Nitrate concentrations tends to be highest on wet spring days following a dry summer and fall, as nitrate that accumulated in the soil during the drought is flushed into drainage systems or washed off the land surface and into rivers. Here I’ve calculated a moving average of flow over the previous 365 days, and compared that to nitrate concentrations during high flow or low flow conditions. Based on that relationship, we can explain high nitrate in the Cedar River on wet days in the spring of 2013 and 2022 (following a dry year) and low nitrate on wet days in the spring of 2019 (following a wet year).
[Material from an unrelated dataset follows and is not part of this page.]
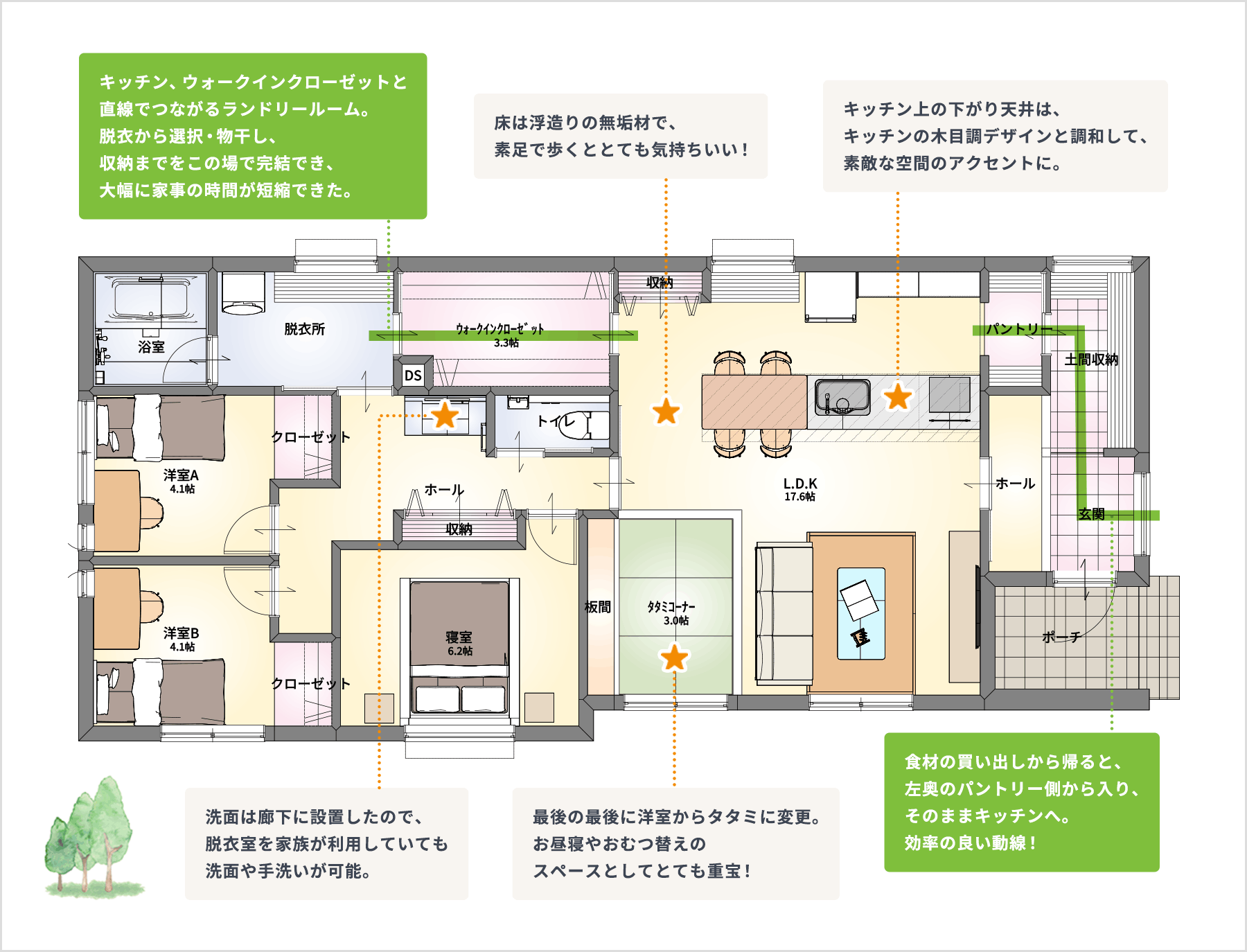 すべての生活空間が同じフロアにある平屋は、日常動線がシンプルで暮らしやすさ抜群。朝の身支度も戸締まりも移動が最小限で済み、掃除も忘れ物を取りに行くのもラク。廊下などのデッドスペースが少なく、広々としたLDKや充実した収納スペースを効率よく確保できます。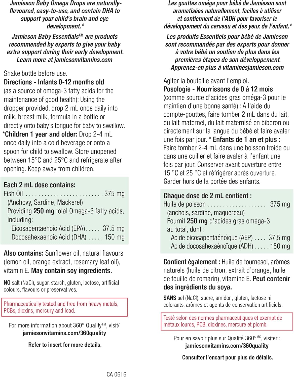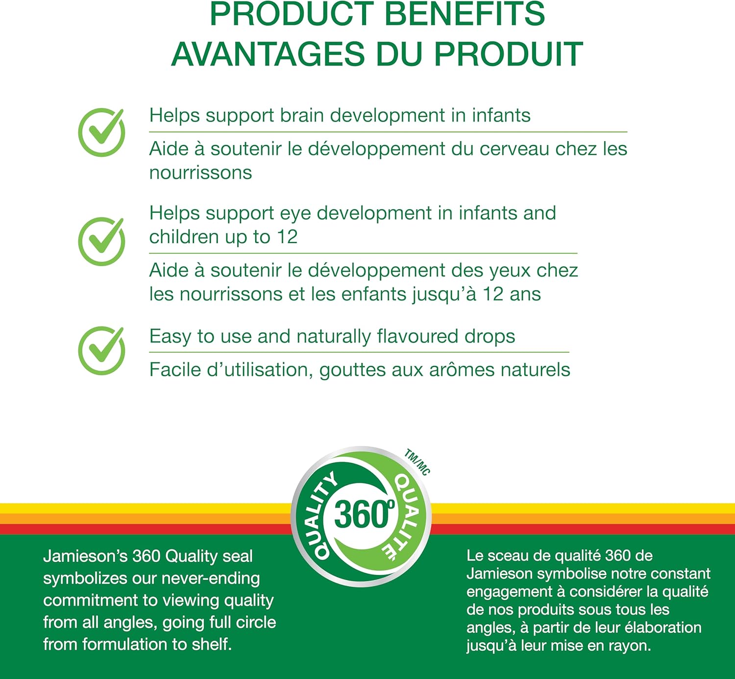 Jamieson 婴儿 Omega-3 滴剂,富含 EPA 和 DHA,加拿大制造,支持大脑和眼睛发育。天然香料,不含麸质、人工色素、香精或防腐剂,60 毫升

After making these adjustments, the downward trend in the Cedar River looks much smaller (0.53 mg/L per year, adjusted to 0.25) and is overtaken by the Turkey River (0.37 mg/L, adjusted to 0.28). The adjusted trends are statistically significant and could be attributed to conservation efforts in those watersheds.
How did I do this? For technical details, read here.
However, there’s still some weather-related patterns we haven’t accounted for. The Raccoon River near Jefferson also had a steep decline in nitrate since 2013 (1.42 mg/L per year, adjusted to 0.77 mg/L per year) but if you look at the entire record (going back to 2008), it’s part of an up-and-down cycle. I’ve seen that same pattern in the South Skunk River. The model explains some of those swings but doesn’t fully explain high nitrate in fall of 2014, spring of 2015 and spring of 2016. Perhaps the nitrogen that accumulated in the soil during the drought of 2012 took several years to flush out.
In addition to streamflow and last year’s weather (antecedent moisture is the technical term), nitrate can be explained by season, soybean acreage, and baseflow. If it’s not enough to know that water quality is improving or getting worse, and you’d also like to know why, then let’s peel that onion!